Critical Care Cycling Study (CYCLIST) trial protocol: a randomised controlled trial of usual care plus additional in-bed cycling sessions versus usual care in the critically ill

INTRODUCTION: In-bed cycling with patients with critical illness has been shown to be safe and feasible, and improves physical function outcomes at hospital discharge. The effects of early in-bed cycling on reducing the rate of skeletal muscle atrophy, and associations with physical and cognitive function are unknown. METHODS AND ANALYSIS: A single-centre randomised controlled trial in a mixed medical-surgical intensive care unit (ICU) will be conducted. Adult patients (n=68) who are expected to be mechanically ventilated for more than 48 hours and remain in ICU for a further 48 hours from recruitment will be randomly allocated into either (1) a usual care group or (2) a group that receives usual care and additional in-bed cycling sessions. The primary outcome is change in rectus femoris cross-sectional area at day 10 in comparison to baseline measured by blinded assessors. Secondary outcome measures include muscle strength, incidence of ICU-acquired weakness, handgrip strength, time to achieve functional milestones (sitting out of bed, walking), Functional Status Score in ICU, ICU Mobility Scale, 6 min walk test 1 week post-ICU discharge, incidence of delirium and quality of life (EuroQol Five Dimensions questionnaire Five Levels scale).
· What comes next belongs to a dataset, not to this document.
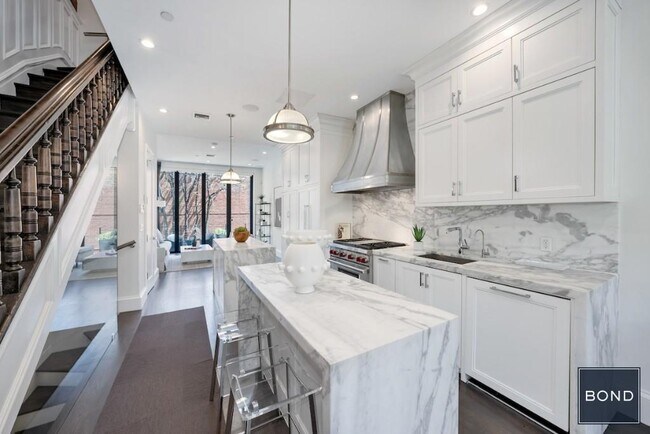 Spectacular and turn-key, FULLY FURNISHED 109 West 132nd Street is a gut-renovated Brownstone that seamlessly blends 19th century classicism with the practical technology that makes life run smooth. iPad controlled Sonos media systems, individual A/C systems for different floors, and your Wi-Fi signal throughout the house coexists elegantly with original details like fireplace mantles, exposed brick, wainscoting -- even the new facade of the original 19th century Neo-Georgian design. The OWNER'S APARTMENT FOR RENT is the back half of the Garden Level and the Townhouse's 4 stories. Interior has an open flow, with 3 or 4 Bedrooms, 5 Baths. Parlor Floor is a 12 foot ceiling'ed space centered around the Carrera marble-topped twin-island Kitchen. With a Wolf range, stainless steel vented range hood from France, custom cabinetry, marble counters, backsplash and a Fisher Paykel refrigerator, the Kitchen the heart of the house. The Living and Dining areas radiate out from it. At the rear of the Parlour Floor, step through floor-to-ceiling bi-fold insulated glass doors that open the entire back wall onto the stone Deck, for al fresco dining. Head downstairs and enjoy the open Backyard Garden. Downstairs in the Media Room / 4th Bedroom, identical immense floor-to-ceiling bi-fold glass doors open directly onto the wood-fenced Backyard Garden. Below is the finished Basement. Above the Parlour Floor is the Third Floor, where the substantial Laundry Room with full size Washer/Dryer is located. The Third Floor has 2 Bedrooms, each with an ensuite Full Bath. The Fourth Floor is the luxurious Primary Suite and Bath. The Primary Bedroom features a ventless fireplace by Hearth Cabinet, and a custom Walk-in Closet. Adjoining this is the Carrera marble clad Primary Bath: freestanding oval tub, large double vanity, translucent glass enclosed private toilet, and a ventless fireplace. A glass enclosed Shower Room, with ceiling rainshower, completes this refuge from reality. One flight up is the stone and wood Roof Deck. Sunbathe, nap or entertain guests amidst city views of Upper Manhattan.THE NEIGHBORHOOD The tree-lined block of West 132nd between Lenox Avenue and Adam Clayton Powell Boulevard is home to the 132nd Street Community Garden, known for their jazz parties and cookouts. It's also close to Whole Foods and restaurants on Lenox Avenue. Mount Morris Park is a few blocks away. Easy transportation to midtown Manhattan on the 2/3 and 4/5/6 subway.Built 1910, Gut-Renovated 2017 - Between Lenox Avenue & Adam Clayton Powell Blvd - Brownstone Walk-up - 3000 square feet - 16 feet wide. Top to bottom gut renovation with original details and exposed brick - New electrical and plumbing - Multi-room sound system - Full height folding glass patio doors on two floors - Dual-island custom Kitchen with Wolf stove, custom French hood and waterfall marble backsplash - Full-floor Primary Suite with Carrera marble Bath - Solid wood doors - Suspended steel Roof Deck, with stone pavers, contemporary steel railings, storage, lighting, and optional plumbing - High efficiency Fujitsu split-ducted HVAC on each floor - Private Backyard Garden has no rear adjoining neighbor.BOND New York Properties is a licensed real estate broker that proudly supports equal housing opportunity.

Quality of life assessments will be conducted post-ICU admission at day 10, 3 and 6 months after acute hospital discharge. Participants in the intervention group will complete an acceptability of intervention questionnaire. ETHICS AND DISSEMINATION: Appropriate ethical approval from Metro South Health Human Research Ethics Committee has been attained. Results will be published in peer-reviewed publications and presented at scientific conferences to assist planning of future multicentre randomised controlled trials (if indicated) that will test in-bed cycling as an intervention to improve the physical, cognitive and health-related quality of life outcomes of patients with critical illness. TRIAL REGISTRATION NUMBER: This trial has been prospectively registered on the Australian and New Zealand Clinical Trial Registry (ACTRN12616000948493); Pre-results.